I was watching videos of Charles Manson and Aileen Wuornos (an abused prostitute who killed seven men) and I knew that it was crucially important to relate to them on some level, to understand. Because if we say, "Ah, the dangerous people are all safely locked up!" then we are lying to ourselves, as a society. "I didn't kill anyone", insists Charles Manson, and he's right. "I didn't kill anyone", says George W. Bush, and he's right. Where is the blood? Does it rest on your hands? And if we act like the malignant things are to be ignored, shut away, not listened to-- this is so dangerous. We are asking to be deceived.

Evil men smile and wear suits. If you are being punished, then your crime was not flagrant enough. That's the only different. You forgot to cloak your crime in the robes of righteousness. If you had, you would have gotten away scot-free.

Those with autism, schizophrenia. Some people look at them and say that they babble, they make no sense, they are raving madmen. But those with insight, imagination, those who are willing to expand their minds-- of course they make sense! They are not inconsistent, they obey rules, even if those rules are obscure to others. For example, reading Bettleheim's "The Empty Fortress", I am so impressed and amazed at him and his institute's ability to use imagination, creativity, lateral thinking, compassion. The cries of the pained are often in code. Do we ignore them if they aren't immediately accessible? I fear the answer is yes.

If something is beyond you, you have two options. One is to ignore it and say that it is nonsense, or belittle the person or the opinion. The other option is to change yourself. Grow towards that which is beyond you, don't ignore it. If you do that, you'll be stuck in a little dark hole for the rest of your existence.

The phoenix. I realized, a little while ago, that there was something I had never considered-- namely, that the phoenix is not exactly happy to set itself on fire. One of the worst things has happened to the phoenix-myth-- namely, that is has become all too well-known. That is one way of making something invisible-- to show it to everyone.

No, the firebird is not happy or thrilled with the idea of setting itself on fire. As a matter of fact, this hurts. This had never occurred to me before. I had always taken it as a matter of course. But there came a time, writes Anais Nin, that the pain involved with remaining curled up became greater than the pain blah blah blah. Again, this quote is a marvelous example. If you want something to be stripped of all meaning, expose it to the light. It is only when something is unknown that it can be truly known. If something is hidden then it can be seen. If something is dark then you can see all of its edges and angles. True for me but not true for others.

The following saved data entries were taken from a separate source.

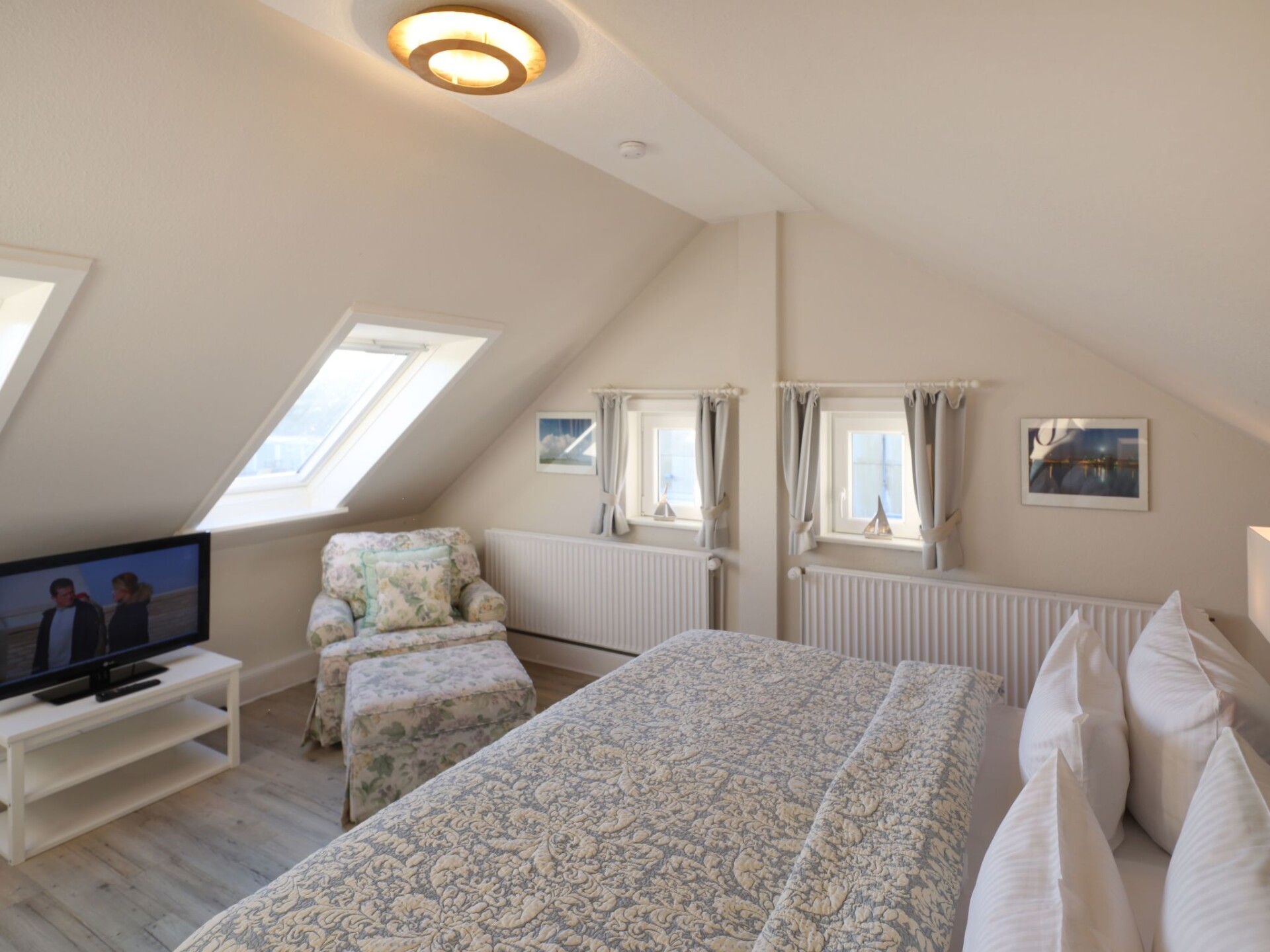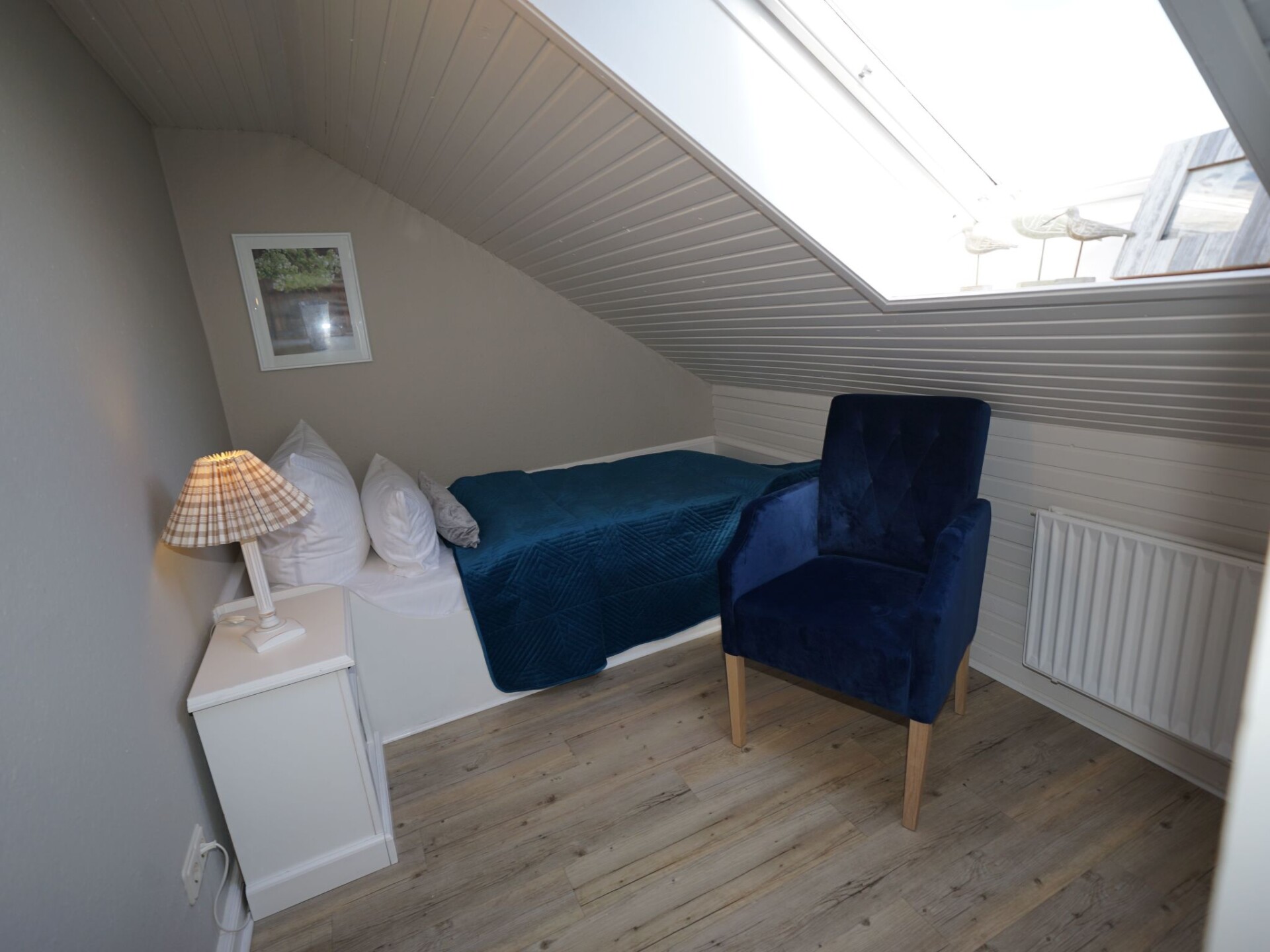 You can't live much closer to the beach! All 6 flats in the Strandhaus are maisonettes, furnished in a Mediterranean style and generously proportioned. The beach crossing Käpt'n-Christiansen-Str. is 190 metres away, Friedrichstraße approx. 400 metres. A short walk leads to Westerland's promenade, which is 4 kilometres long and meets all requirements in terms of gastronomy and shopping.We warmly welcome you to our 4-room holiday flat Strand-Loft in the newly opened "Strandvilla Schützenstraße 4" in Westerland. The generously designed flat with approx. 86 square metres extends over 2 levels (1st floor and attic), the maxim here is "Arrive and feel good": the spacious 4-room upper floor flat offers space for up to 5 people. From the hallway area, the staircase leads up to the large master bedroom with flat screen TV as well as the shower room and the two single bedrooms with connecting doors. The kitchen is equipped with a dining area, microwave oven, dishwasher and 2-burner ceramic hob. From here you enter the bright living room with sofa, stressless relax armchair and large flat screen TV with DVD player. A table and chairs await you on the sunny south-facing balcony and the large bedroom offers you a cosy double bed for dreaming. Two single bedrooms on the first floor invite you to relax. In the basement of the house there is a washing machine and tumble dryer, an ironing board and iron as well as a sauna (for a fee), which can be used communally. Free Wifi is of course available throughout the house, and there are plenty of opportunities to relax and enjoy each other's company, whether on soft cushions, at the large dining table or on the balcony. Come with high expectations, they will be fulfilled here!
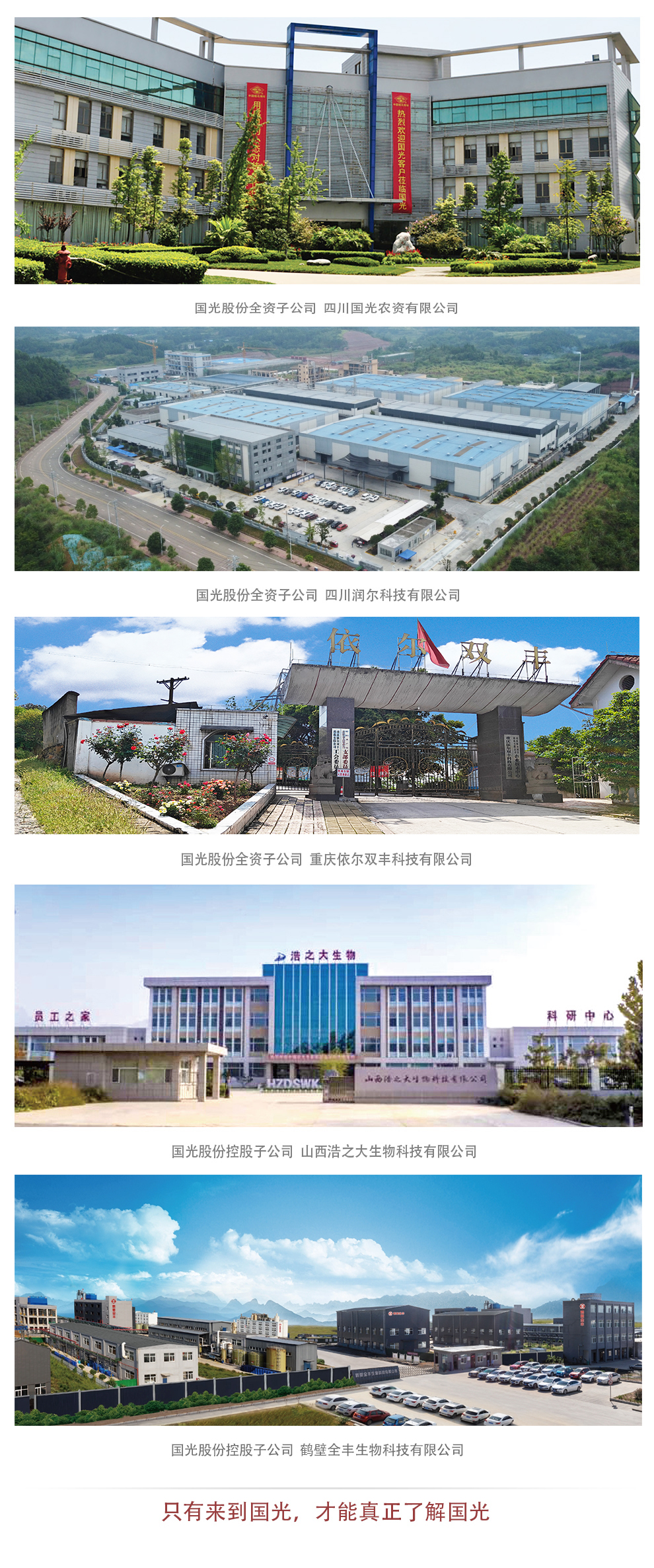 公司下屬的四川國光農(nóng)資有限公司、四川國光園林科技有限公司、四川潤爾科技有限公司、重慶依爾雙豐科技有限公司、山西浩之大生物科技有限公司、鶴壁全豐生物科技有限公司、四川蕓領(lǐng)農(nóng)業(yè)技術(shù)服務(wù)有限公司、成都國光現(xiàn)代農(nóng)業(yè)職業(yè)技能培訓(xùn)學(xué)校有限公司等十五家公司分布于四川省、山西省、河南省、海南省、重慶市等。ㄖ陛犑校⒃谌珖O(shè)有二十五個物流倉儲服務(wù)中心。公司堅持“敬業(yè)、高效、務(wù)實、創(chuàng)新”的企業(yè)精神,聚焦調(diào)節(jié)劑、水溶性肥料、園林養(yǎng)護品等優(yōu)勢品類,堅持“全員服務(wù)、創(chuàng)造價值;全心服務(wù),成就用戶”的服務(wù)理念,突出技術(shù)服務(wù)的核心作用,產(chǎn)品在配合綠色防控、提質(zhì)減量、抗災(zāi)減害、減少人工、配合機械化等方面起著重要作用,“國光”“雙豐”“浩之大”“國光園林”“鶴壁全豐”品牌影響力持續(xù)擴大。
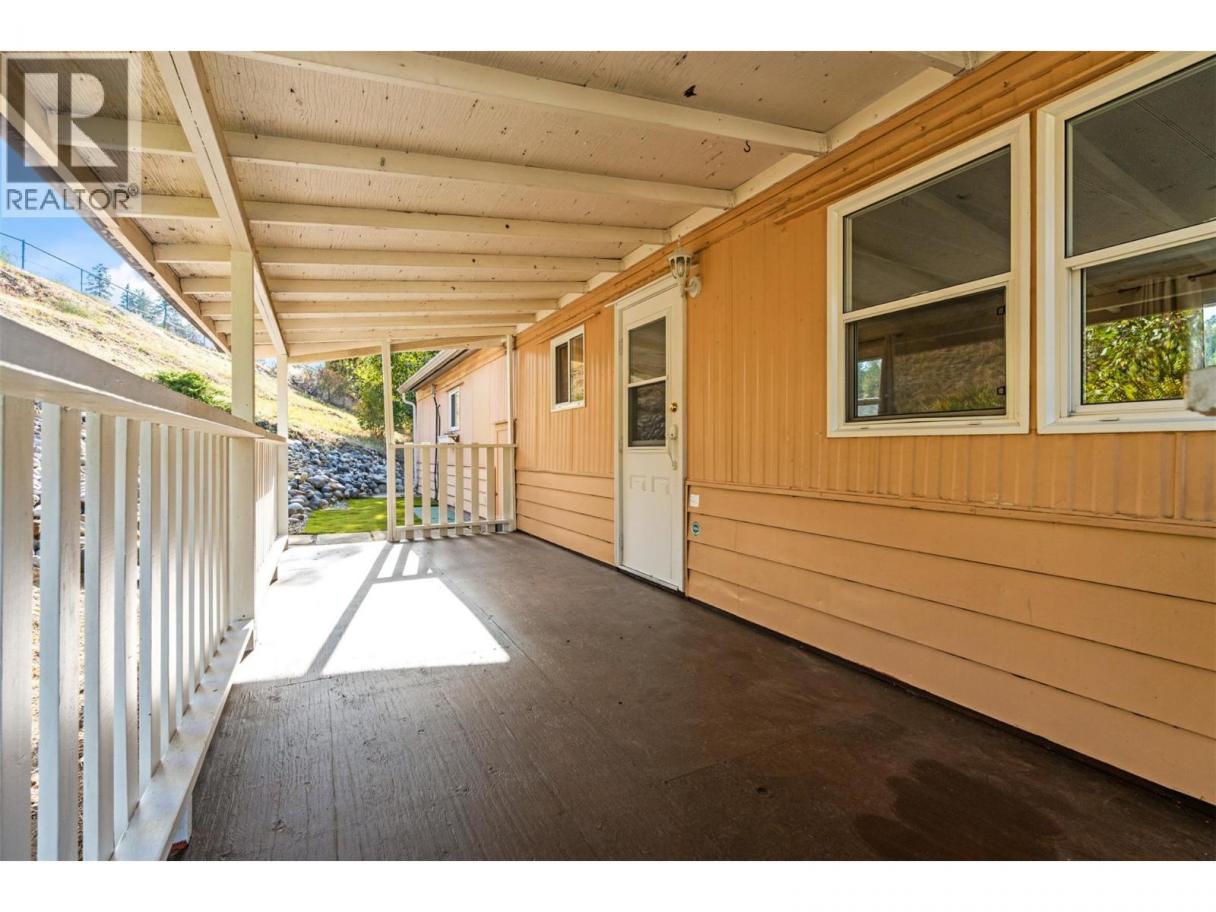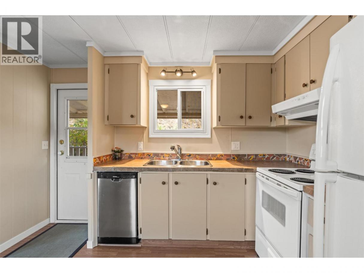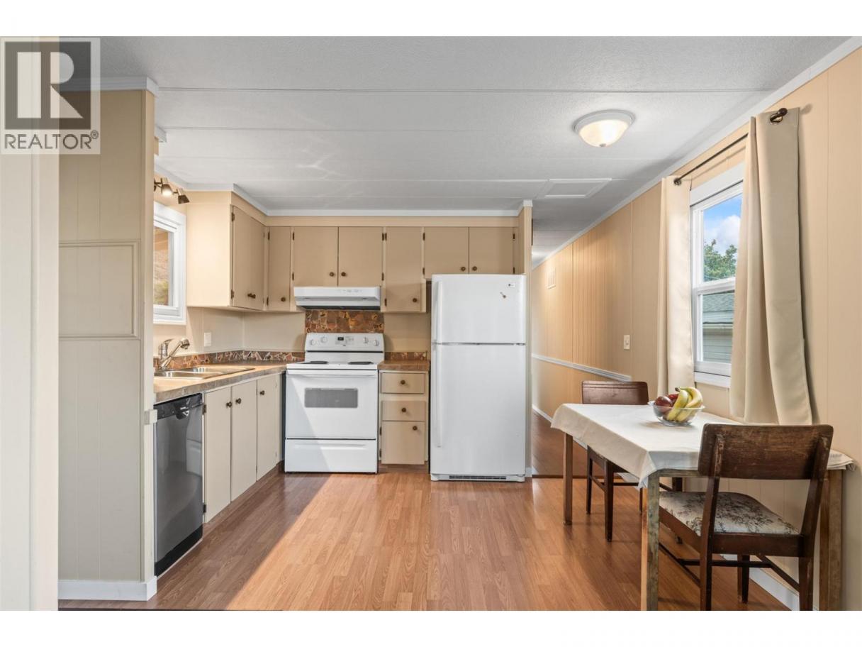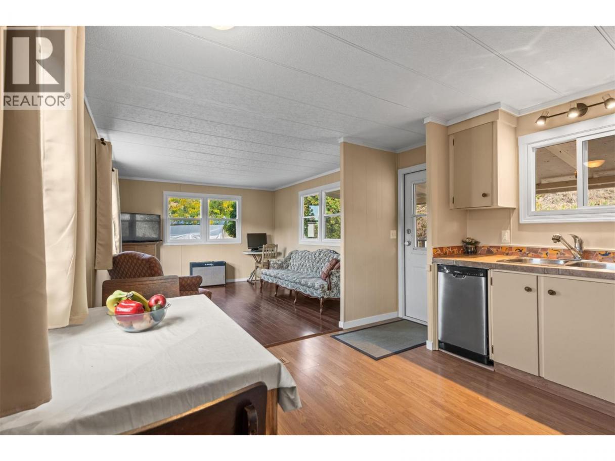 Welcome home to Unit #92 in Lakeway Mobile Home Park! Perfectly situated in a prime location, this home offers convenience and comfort in a well-maintained park. This home is in the 55+ Section. Public transit is right at the park entrance, and you’re just a short walk from Kal Beach, the Rail Trail, Middleton Mountain hiking trails, shopping, and dining — everything you need is close by! This bright and inviting 2-bedroom, 1-bathroom home has been lovingly cared for with updates including fresh paint and newer windows. The open-concept kitchen and living area create a warm, welcoming space filled with natural light. Stay cool all summer long with central air conditioning. Step outside to enjoy the spacious, covered deck — perfect for relaxing or entertaining. The side yard offers added privacy with no neighbor on one side, and two garden sheds provide plenty of extra storage for your tools and outdoor gear. Pets are welcome with park approval. Don’t miss this affordable opportunity to enjoy the Okanagan lifestyle in a peaceful, well-kept community! (id:6769)

If you are having problems in your personal life it is probably because you are not thinking like a god. As gods, what we envision casts its shadow on reality. This is why contradictory points of view are still valid. If you think there is a God, then in your life, it will come to be so. If you think there isn't, then it will not. This is why people are so hard to persuade away from their points of view-- their believing makes it so.

And what I wish to emphasize here is that it is not so objectively, but subjectively. If I believe my house is green, who are you to tell me differently? You cannot, if I have made my mind up. It is irrational, but the behaviors of human beings is nothing if not irrational.

So to return to an earlier point, realize (or at least pretend) that you are a god and life will begin to make more sense. Not God, not the Judeo-Christian boondoggle, but something a little older, like the Grecian gods. They were a little more forgiving, I think. Every one of your actions is irreproachably correct, imagine if that were true! There might as well be! A little dark house! There is nothing, nothing at all, that does not serve either life or death. As far as I'm concerned, that's true. One roughly as powerful as the other. Don't be afraid to destroy things! Rain hellfire and destruction, if you like! The crops were burned and the farmers lost their livelihood. They put the Hungarian on a burning, smoldering throne of iron, with a red-hot crown on his head and a scepter in his hand. His brother was cut into three pieces, right before his eyes. How to reconcile this with any code of ethics whatsoever? You cannot. The only explanation is that the dark and the light are present in all people. One will never win, the other will never lose, at least as far as human experience goes.

Having problems? Burn them to ashes in your eyes. Violence. Construction. Make children. The fallow fields, the fertile fields. Where Zeus lay with Hera, the grass sprung up, freshly green and sparkling with dew. If not for the machinations of Aphrodite, all would come to naught and the war of Ilium would rage until the end of time.

1 comment:

  1. http://theunheimlich.blogspot.com/2008/02/mark-seltzer-serial-killers.html

    This looks like a good book on serial killers/culture. I tried to link from Amazon but Explorer Says No. Also, the whole phoenix metaphor makes me think of Detroit.